Once the pictures are removed, restate the listing word for word.

▶ [Dataset content]
------------------------------

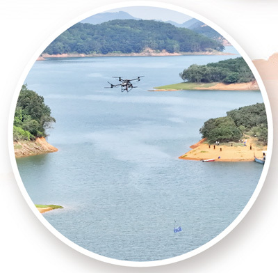 广东茂名高州市平山镇湾边岛,无人机在运荔枝。 钟志辉摄(人民视觉)
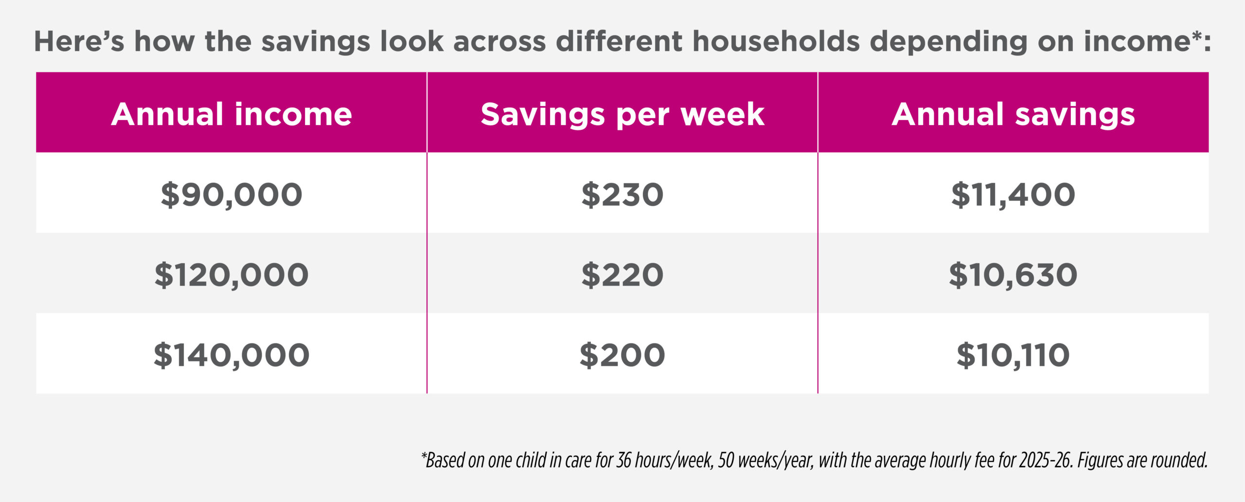 For example, Diane and Alex have one child enrolled in care three days (36 hours) per week. Their combined family income is $90,000 per annum. Diane works full-time and Alex works eight hours per week. Previously, they were eligible for 18 hours of subsidised care per week. From January 2026 with the Three Day Guarantee, they are eligible for 36 hours per week. This saves them $230 per week of care ($11,400 per year) based on 2025-2026 average fees.
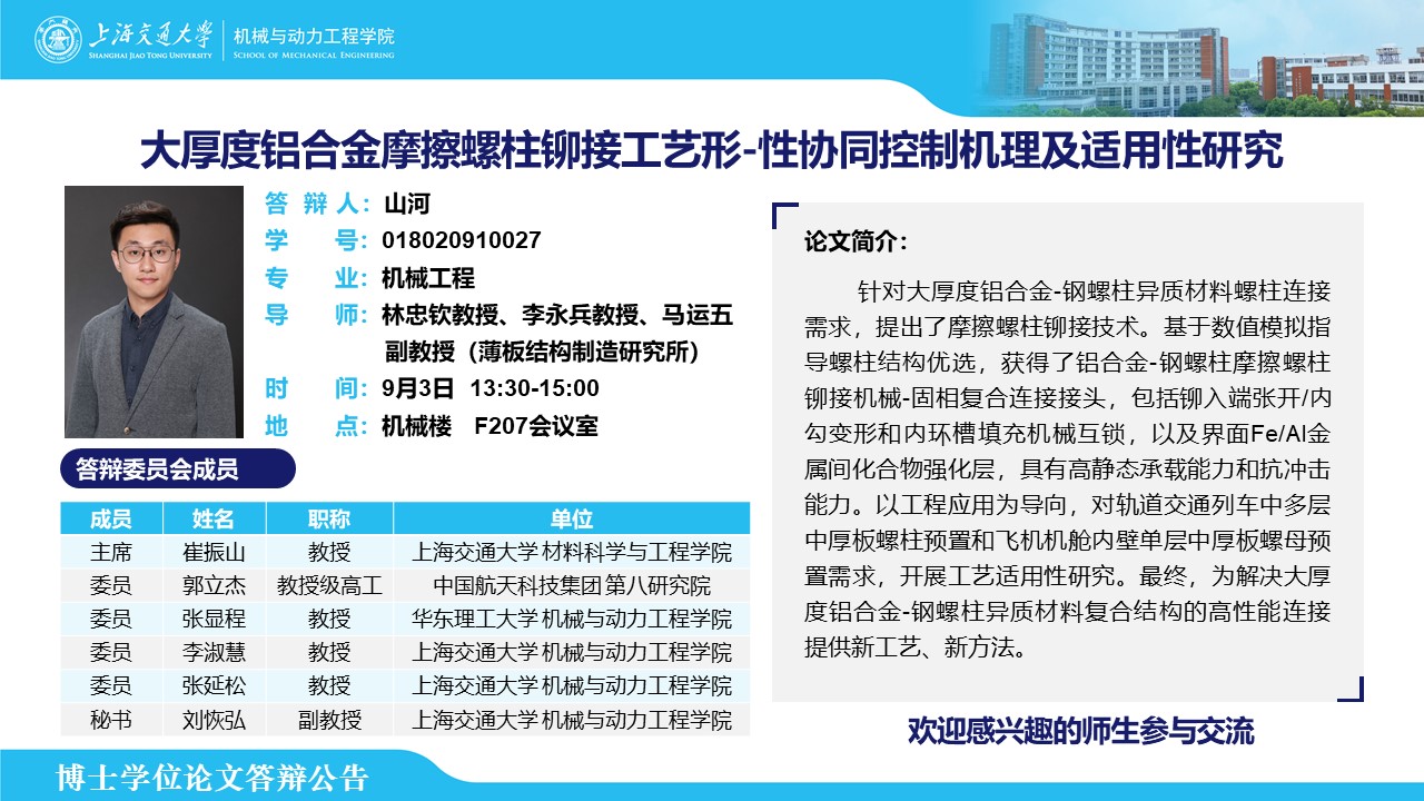 答辩人:山河| 导师:林忠钦、李永兵、 马运五 | 时间:9月3日 13:30 – 15:00 | 地点:机械楼 F207会议室

------------------------------

▶ [The answer]
 广东茂名高州市平山镇湾边岛,无人机在运荔枝。 钟志辉摄(人民视觉)
 For example, Diane and Alex have one child enrolled in care three days (36 hours) per week. Their combined family income is $90,000 per annum. Diane works full-time and Alex works eight hours per week. Previously, they were eligible for 18 hours of subsidised care per week. From January 2026 with the Three Day Guarantee, they are eligible for 36 hours per week. This saves them $230 per week of care ($11,400 per year) based on 2025-2026 average fees.
 答辩人:山河| 导师:林忠钦、李永兵、 马运五 | 时间:9月3日 13:30 – 15:00 | 地点:机械楼 F207会议室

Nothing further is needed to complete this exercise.